*Work to be completed*
Give back an exact copy of the lines in the records below, from the line that has "Equipped with a" through the line that has "세미파이브의 외형 성장세는", and nothing besides.

*Extracted data*
/---
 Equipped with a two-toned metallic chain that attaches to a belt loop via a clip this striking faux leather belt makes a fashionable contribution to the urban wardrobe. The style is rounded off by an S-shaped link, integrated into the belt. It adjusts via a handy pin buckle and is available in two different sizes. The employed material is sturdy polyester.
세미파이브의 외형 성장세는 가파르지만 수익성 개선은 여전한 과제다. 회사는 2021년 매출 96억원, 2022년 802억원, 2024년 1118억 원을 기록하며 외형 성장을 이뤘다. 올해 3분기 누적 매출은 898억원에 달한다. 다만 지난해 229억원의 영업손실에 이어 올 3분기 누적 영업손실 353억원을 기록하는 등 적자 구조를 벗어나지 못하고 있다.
\---
/---
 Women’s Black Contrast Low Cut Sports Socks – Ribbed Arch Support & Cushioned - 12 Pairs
\---
*Output of the task*
 Equipped with a two-toned metallic chain that attaches to a belt loop via a clip this striking faux leather belt makes a fashionable contribution to the urban wardrobe. The style is rounded off by an S-shaped link, integrated into the belt. It adjusts via a handy pin buckle and is available in two different sizes. The employed material is sturdy polyester.
세미파이브의 외형 성장세는 가파르지만 수익성 개선은 여전한 과제다. 회사는 2021년 매출 96억원, 2022년 802억원, 2024년 1118억 원을 기록하며 외형 성장을 이뤘다. 올해 3분기 누적 매출은 898억원에 달한다. 다만 지난해 229억원의 영업손실에 이어 올 3분기 누적 영업손실 353억원을 기록하는 등 적자 구조를 벗어나지 못하고 있다.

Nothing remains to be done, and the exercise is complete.